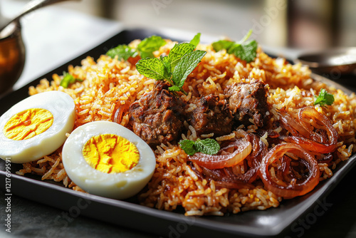 Royal platter of Hyderabadi biryani featuring fragrant rice, tender mutton, onions, and eggs, beautifully garnished
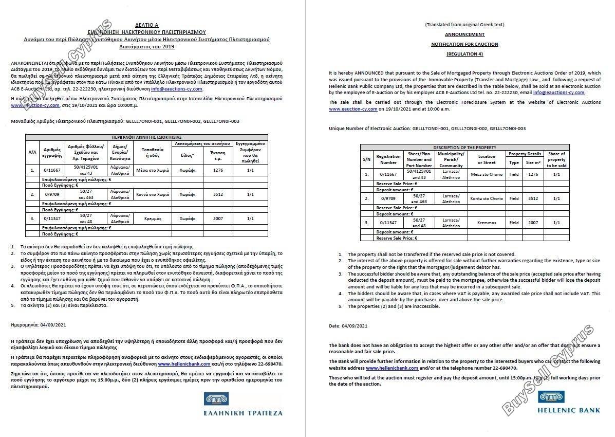 Aukcja zostanie przeprowadzona za pośrednictwem Elektronicznego Systemu Wykluczenia na stronie internetowej Aukcji Elektronicznych www.eauction-cy.com (https://www.eauction-cy.com/Auction/Details/6804) w dniu 19.10.2021 r. o godz. 10:00 Unikalny numer aukcji elektronicznej: GELLL7ON0I-003. Nieruchomość objęta jest 100% udziałem. Aby uzyskać więcej informacji prosimy o kontakt (22-690470). Należy pamiętać, że podana powyżej cena jest ceną zastrzeżoną aukcji. Osoby, które będą licytować na aukcji, muszą się zarejestrować i wpłacić kaucję do godziny 15:00. dwa (2) pełne dni robocze przed datą aukcji.
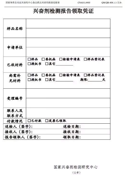 檢測(cè)費(fèi)到賬后,樣品完成受理,進(jìn)行興奮劑檢測(cè)。樣品檢測(cè)完畢后將盡快電話通知,領(lǐng)取檢測(cè)報(bào)告時(shí),請(qǐng)攜帶《興奮劑檢測(cè)報(bào)告領(lǐng)取憑證》(見(jiàn)附件五)。
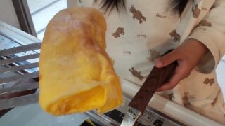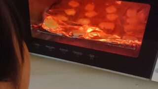 チーズ加熱するとどうなるか意見が分かれました。溶ける、カリカリになる。さあどちらでしょうか?
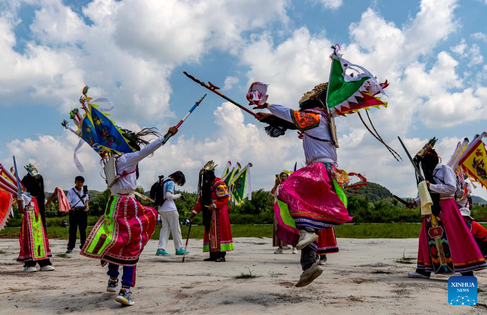 Actors take part in a Dixi opera parade at the Miaoling Tunpu scenic area in Xixiu District of Anshun City, southwest China's Guizhou Province, Aug. 2, 2025. Anshun Dixi Opera is an important part of Tunpu culture dating back to the Ming Dynasty (1368-1644). The opera has been listed as a national intangible cultural heritage item in 2006. (Photo by Chen Xi/Xinhua)
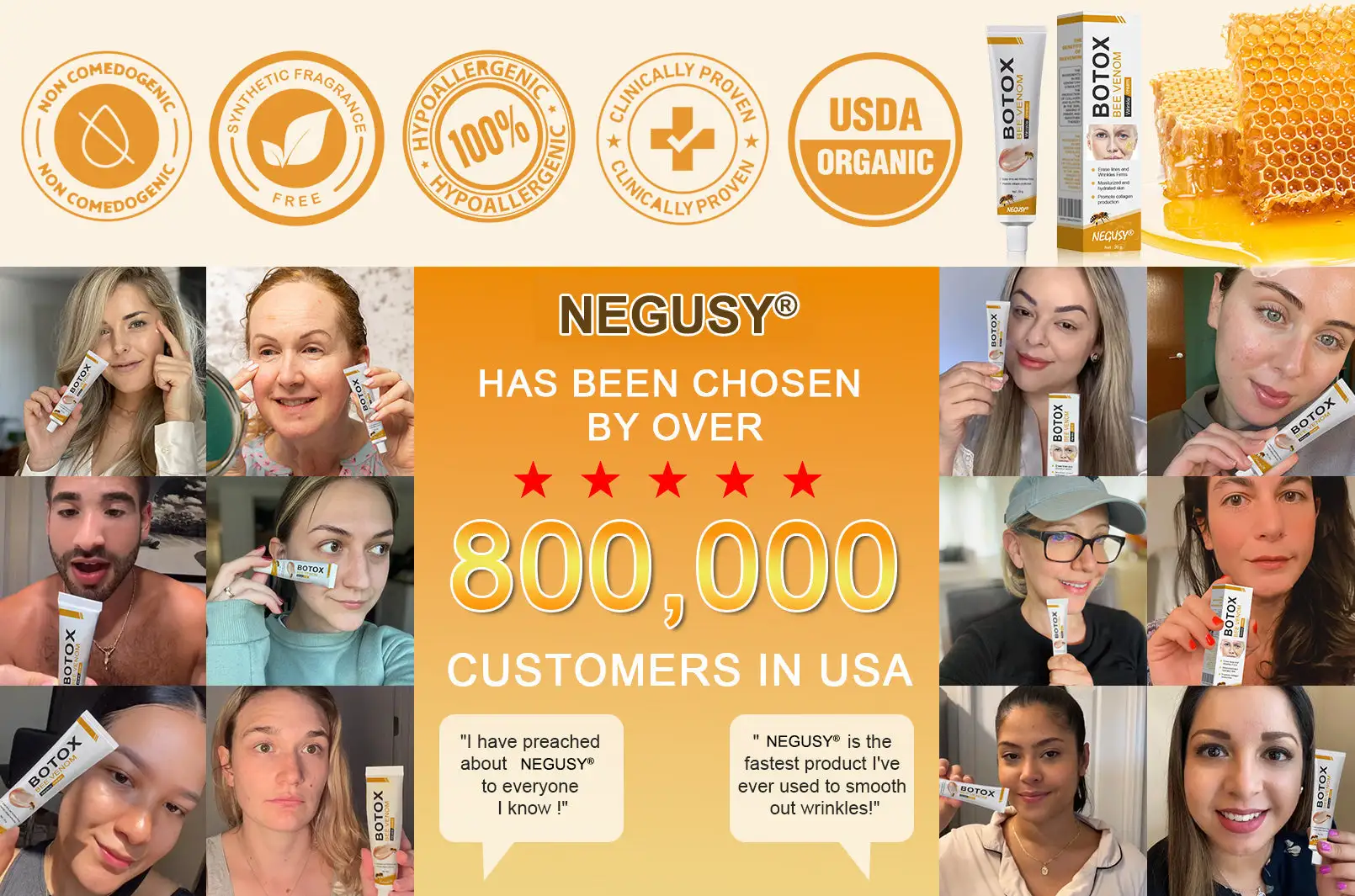 Are you tired of ineffective skincare and wasting money on expensive products and long treatment times? Have previous skincare products left you feeling frustrated? It’s time to regain your confidence with NEGUSY® Botox Bee Venom Wrinkle Cream!
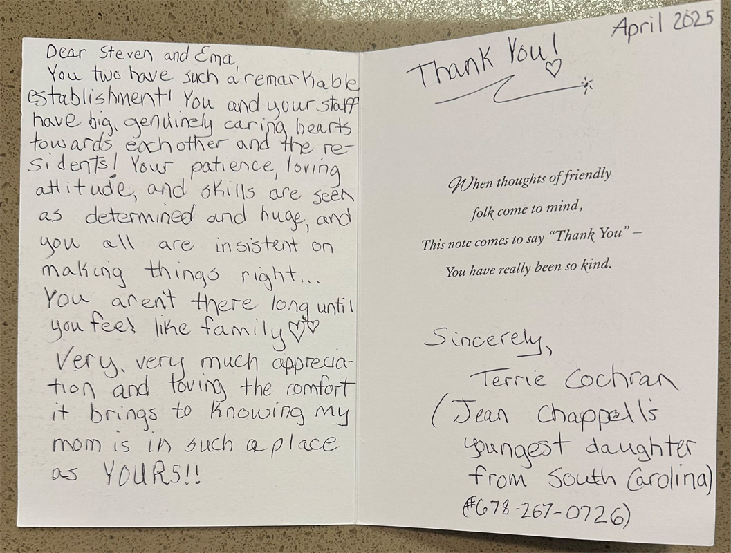 We are actively involved in the training of our staff which gives us confidence that our caregivers are trained to meet the needs of residents requiring supervisory, personal and direct level of care. Regardless of your loved one level of care, our mission is to provide high quality person-centered care by empowering them to continue to maintain their independence in the comfort of a home.

:::::

Directions
Omit every picture, and otherwise quote the entries exactly.

Exercise solution
 Royal platter of Hyderabadi biryani featuring fragrant rice, tender mutton, onions, and eggs, beautifully garnished
 Aukcja zostanie przeprowadzona za pośrednictwem Elektronicznego Systemu Wykluczenia na stronie internetowej Aukcji Elektronicznych www.eauction-cy.com (https://www.eauction-cy.com/Auction/Details/6804) w dniu 19.10.2021 r. o godz. 10:00 Unikalny numer aukcji elektronicznej: GELLL7ON0I-003. Nieruchomość objęta jest 100% udziałem. Aby uzyskać więcej informacji prosimy o kontakt (22-690470). Należy pamiętać, że podana powyżej cena jest ceną zastrzeżoną aukcji. Osoby, które będą licytować na aukcji, muszą się zarejestrować i wpłacić kaucję do godziny 15:00. dwa (2) pełne dni robocze przed datą aukcji.
 檢測(cè)費(fèi)到賬后,樣品完成受理,進(jìn)行興奮劑檢測(cè)。樣品檢測(cè)完畢后將盡快電話通知,領(lǐng)取檢測(cè)報(bào)告時(shí),請(qǐng)攜帶《興奮劑檢測(cè)報(bào)告領(lǐng)取憑證》(見(jiàn)附件五)。
 チーズ加熱するとどうなるか意見が分かれました。溶ける、カリカリになる。さあどちらでしょうか?
 Actors take part in a Dixi opera parade at the Miaoling Tunpu scenic area in Xixiu District of Anshun City, southwest China's Guizhou Province, Aug. 2, 2025. Anshun Dixi Opera is an important part of Tunpu culture dating back to the Ming Dynasty (1368-1644). The opera has been listed as a national intangible cultural heritage item in 2006. (Photo by Chen Xi/Xinhua)
 Are you tired of ineffective skincare and wasting money on expensive products and long treatment times? Have previous skincare products left you feeling frustrated? It’s time to regain your confidence with NEGUSY® Botox Bee Venom Wrinkle Cream!
 We are actively involved in the training of our staff which gives us confidence that our caregivers are trained to meet the needs of residents requiring supervisory, personal and direct level of care. Regardless of your loved one level of care, our mission is to provide high quality person-centered care by empowering them to continue to maintain their independence in the comfort of a home.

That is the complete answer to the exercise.